Sa crucifixion démontrait qu’il était un réprouvé, maudit soit celui qui est pendu au bois de la croix. Et Paul nous dira que Dieu l’avait, pour nous, identifié au péché. Mais, après la passion du Christ, Dieu, le Père de Jésus, l’a ressuscité d’entre les morts alors qu’aux yeux de ses contemporains, sa passion et sa mort sur la croix démontraient que Jésus était rejeté de Dieu. Ce rejet, c’était l’extérieur, le visible, le sensible. Car l’intérieur était demeuré intact. Ce que la Transfiguration avait manifesté aux yeux des trois disciples privilégiés demeurait vivant dans la personne de Jésus. La résurrection fera éclater aux yeux des disciples la réalité de la communion profonde de Jésus à la vie divine qui n’est pas vaincue par le mal. Ce qu’ils ont vu de leurs yeux au mont Thabor avant la passion sera à nouveau manifesté aux yeux de tous à la résurrection. Voilà la bonne nouvelle pour tous les hommes, quand Dieu fait alliance avec l’homme, il peut mener jusqu’à son achèvement l’œuvre de vie qu’il a initiée. Malgré le mal qui nous ronge et qui défigure le monde, si je demeure tourné vers le Père dans la confiance et l’amour, la vie divine aura le dernier mot. L’évangile, la bonne nouvelle des chrétiens, ce n’est pas d’abord un récit, un écrit qui nous est transmis sous quatre formes, mais l’événement de la mort et de la résurrection de Jésus. La religion chrétienne n’est pas à proprement parler une religion du livre, de la loi et des prophètes, c’est une religion de la relation vivante et actuelle avec Jésus, présent aujourd’hui à nos côtés.

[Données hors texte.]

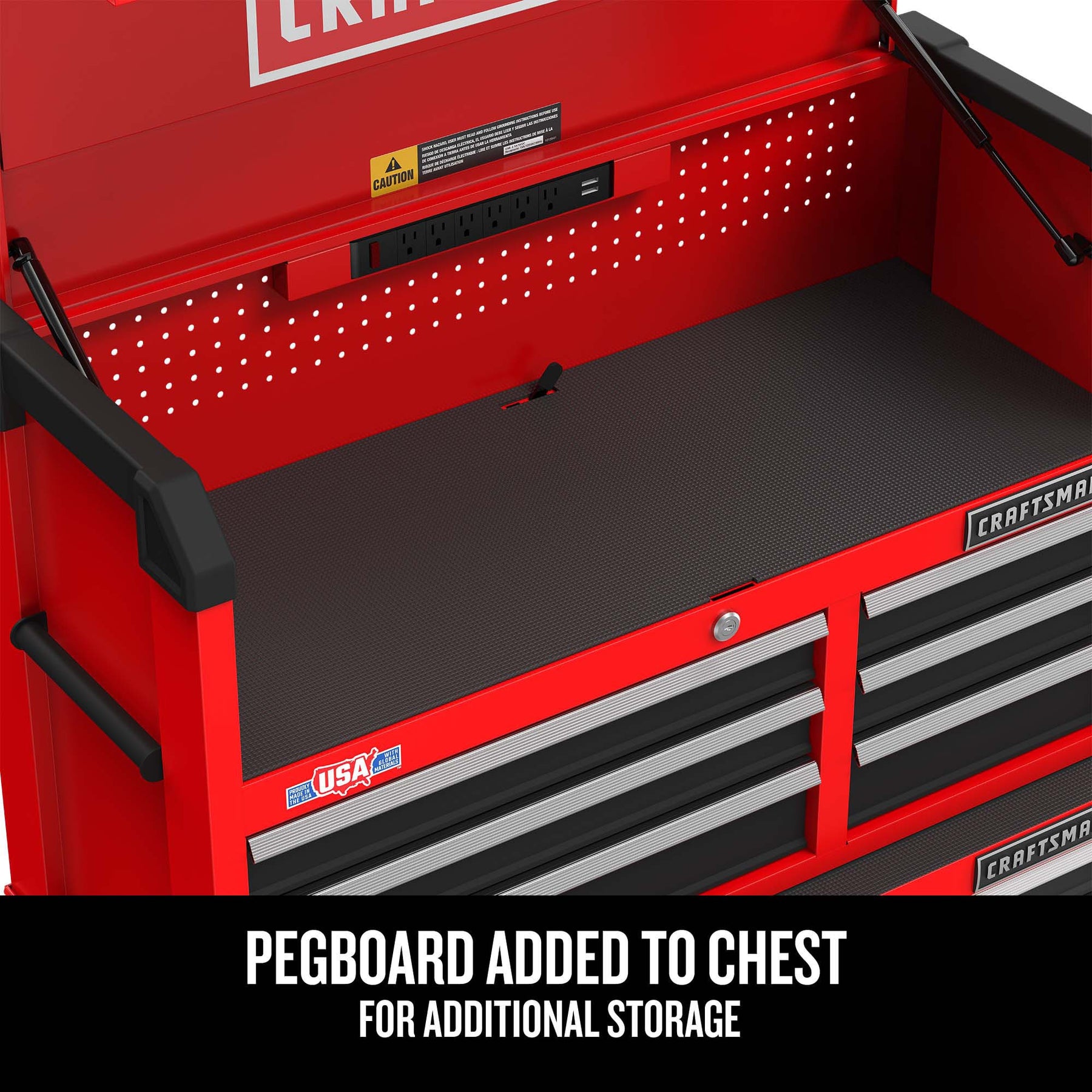 The bold red S2000 chest is a statement of precision and performance, turning your garage into a tailored studio. Its sleek soft-close drawers and pegboard back create rhythm and clarity, while the integrated power strip keeps the energy flowing. Style it atop a matching CRAFTSMAN cabinet for a cohesive, vertical storage tower. This is the essential foundation for a refined, hardworking space.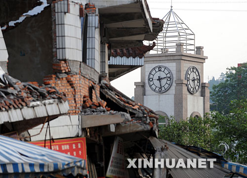 德阳市汉旺镇汉旺广场上的一座大钟将时间定格在地震发生的那一刻(2008年5月14日摄)。 新华社记者王建华摄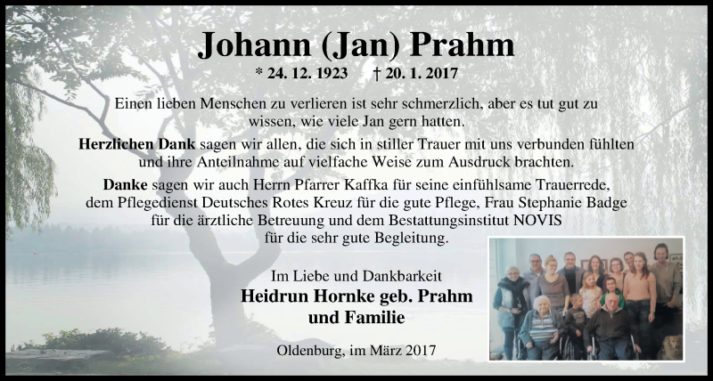Hier finden Sie alle Traueranzeigen aus der Zeitung, die bisher für Johann Prahm erschienen sind. Weitere Traueranzeigen, die in der Zeitung erscheinen, werden hier ebenfalls aufgelistet
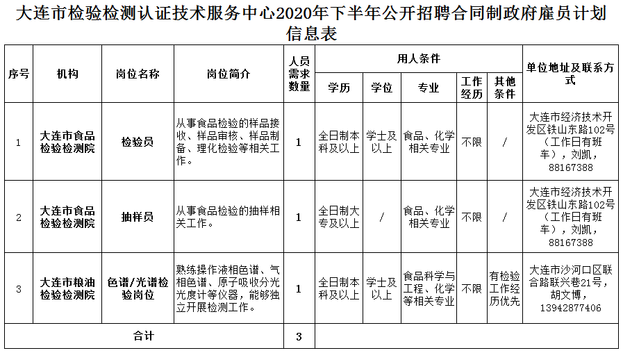 大连市检验检测认证技术服务中心是集检验检测、认证为一体,为政府制定检验检测认证政策法规和风险管理提供基础研究和技术支撑的市政府直属公益性事业单位。下设大连市食品检验检测院、大连市粮油检验检测院等分支机构。现根据工作需要,面向社会公开招聘3名合同制政府雇员,现将有关事项公告如下:
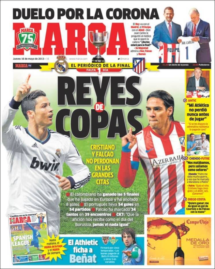 MARCA COPPA DEL REY – Sul quotidiano Marca si parla di Ronaldo e Falcao che vengono eletti come Re di Coppa in vista della finale alla Coppa del Re.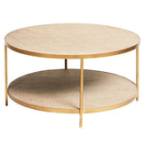 The Manhattan round coffee table has a slender Gold look iron frame with a Rattan top and bottom shelf. The Rattan is finished in a subtle white-wash, giving it a modern versatile finish.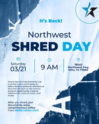 Energy Capital Credit Union (ECCU) invites you to attend our Northwest Shred Day on Saturday, March 21 at 9 AM ?? at 18540 Northwest Fwy, Houston, TX 77065 ??
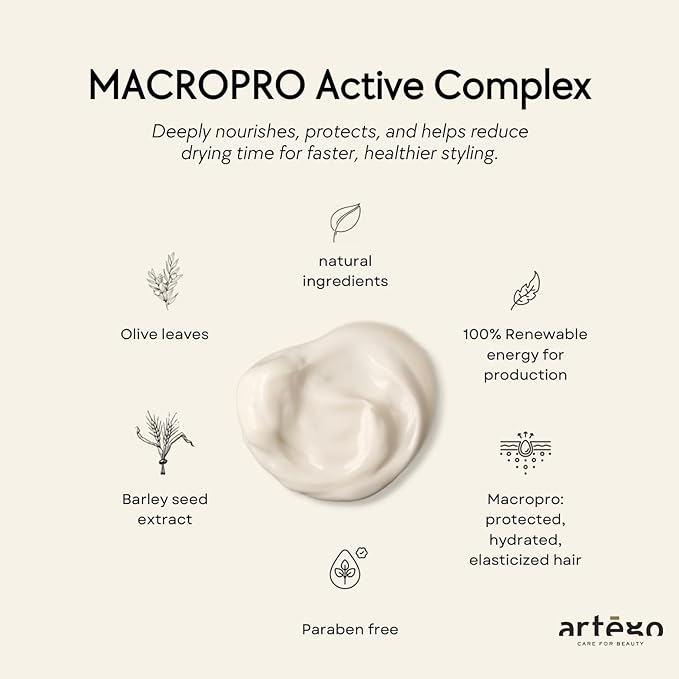 - MacroPro Active Complex – Deeply nourishes, protects, and helps reduce drying time for faster, healthier styling.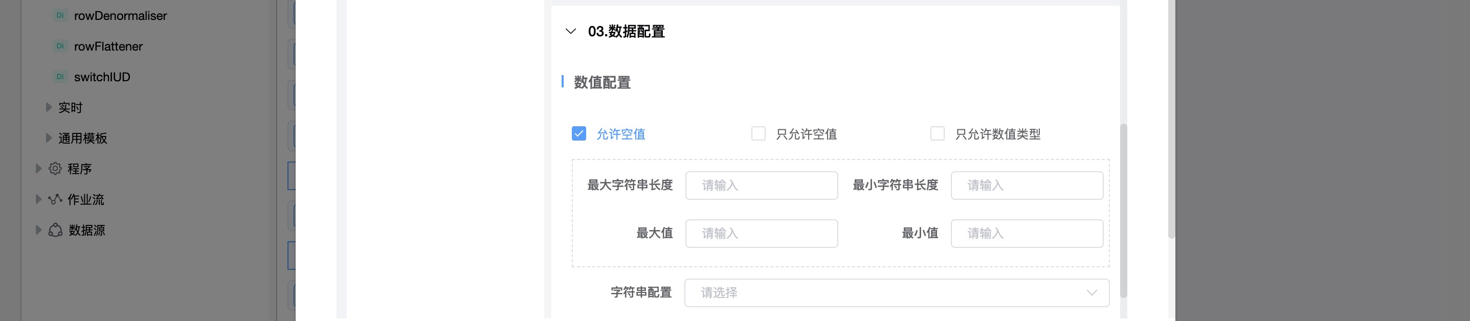 Data Validator步骤允许您定义简单的规则来描述字段中的数据应该是什么样子。这可以是一个值范围、一个不同的值列表或数据长度。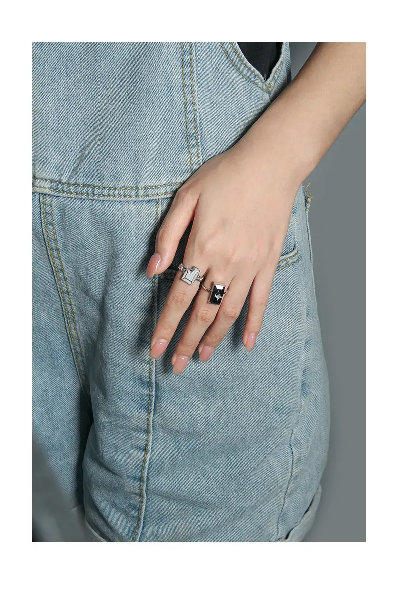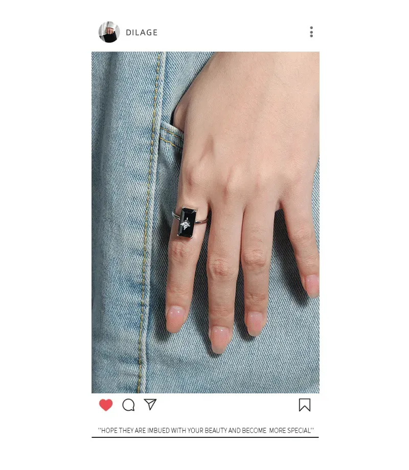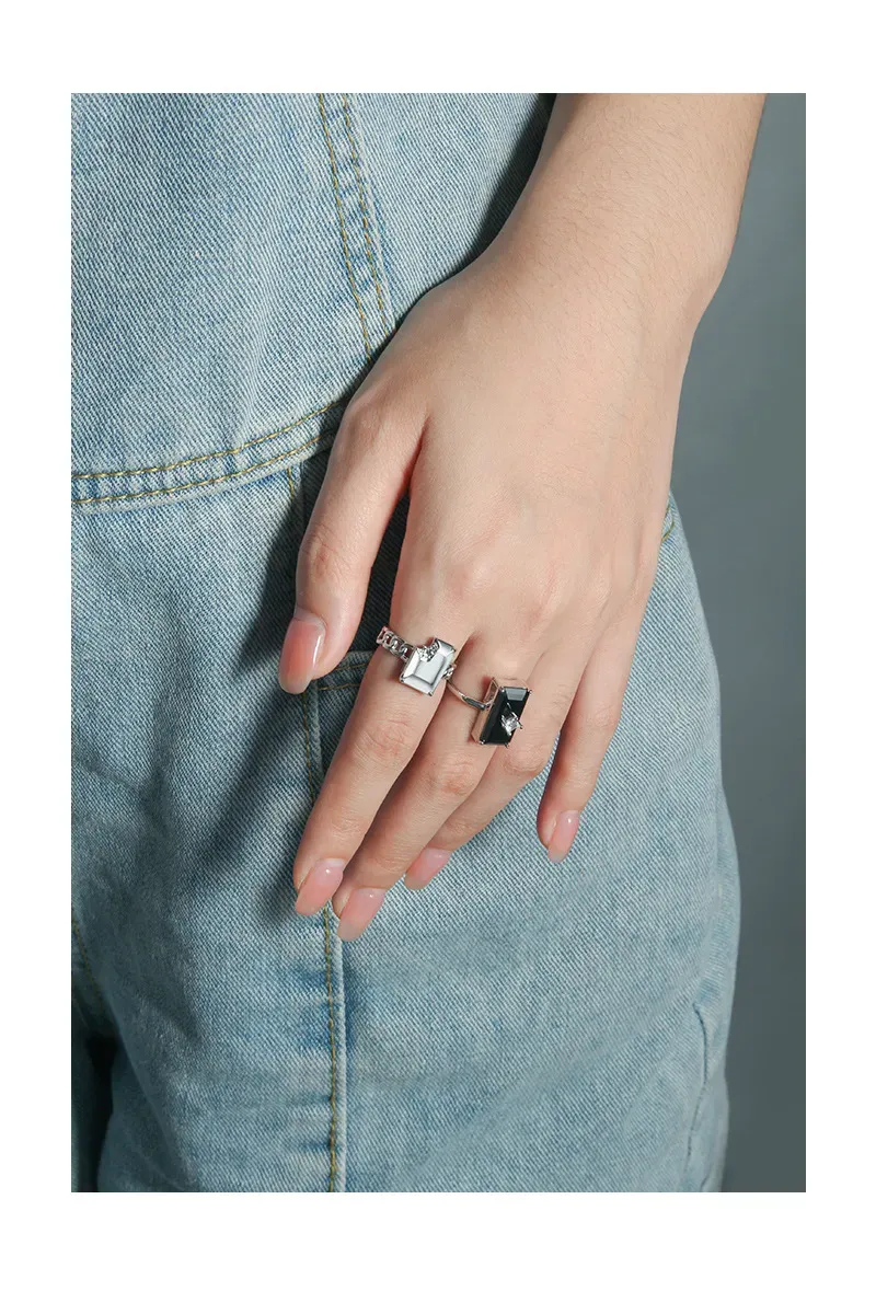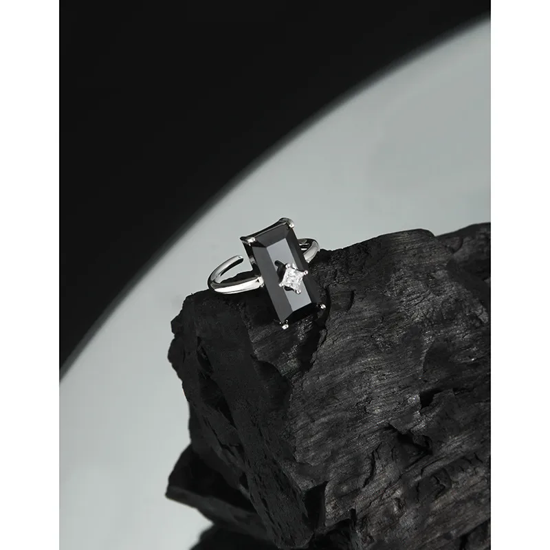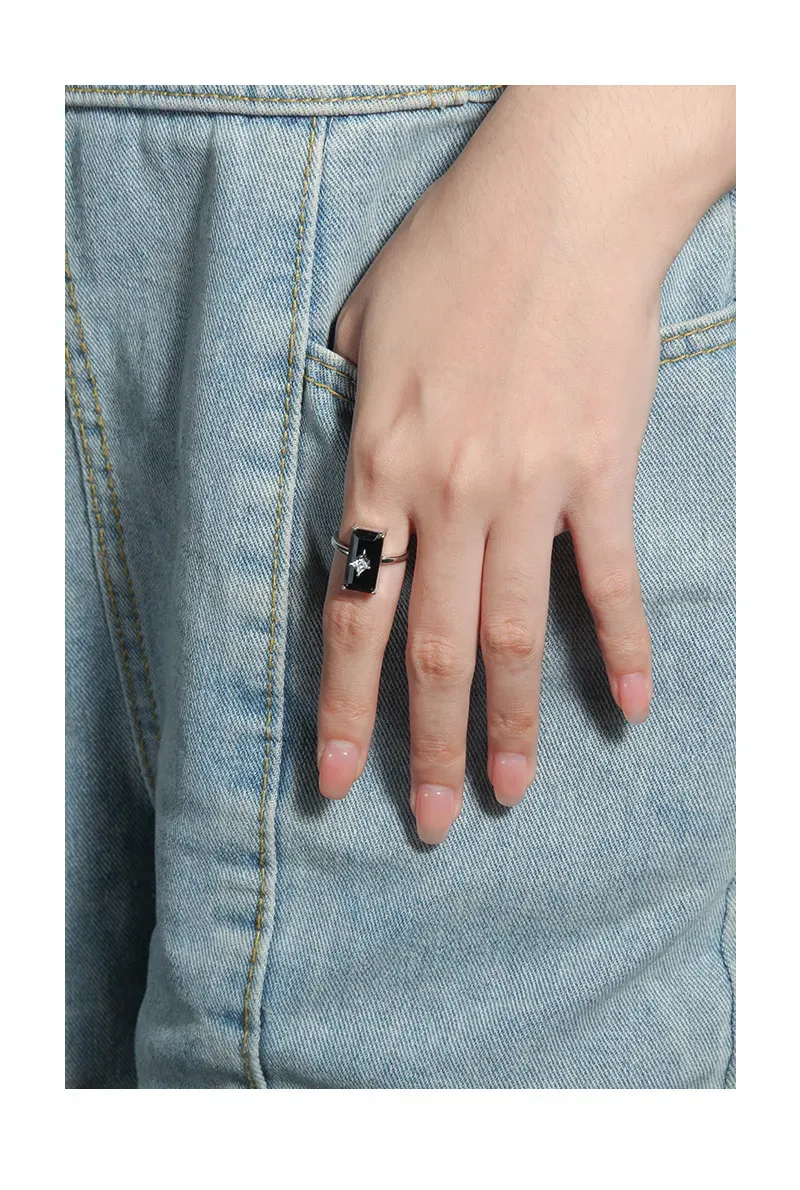 - Color: This Bexoria Ring features a striking, deep black rectangular gemstone, reminiscent of the boundless night sky. This dramatic hue is beautifully contrasted by a central brilliant, clear accent stone, mirroring a luminous star. The setting and band are crafted from polished, silvery metal, providing a sleek and modern foundation.

Si le croyant, comme Abraham, sait quitter le pays où il est errant pour trouver la Terre Promise, c’est-à-dire le lieu où il peut être en communion avec Dieu, s’il sait, comme nous le rappelait Paul dans la seconde lecture, respecter sa vocation spirituelle de fils de Dieu, alors cette œuvre de vie que le Seigneur veut réaliser en nous pourra se manifester, malgré les épreuves que nous traverserons. En ce début de carême, par le récit de la Transfiguration, le Seigneur veut nous redonner courage : «  N’ayez pas peur, je suis vainqueur du monde. Avec moi, vous traverserez les épreuves et les difficultés de cette vie, qui ne signifient pas que Dieu vous a abandonné, et au terme de votre vie, je manifesterai, dans toute votre personne, l’alliance que j’ai conclue avec vous par mon Fils unique » AMEN.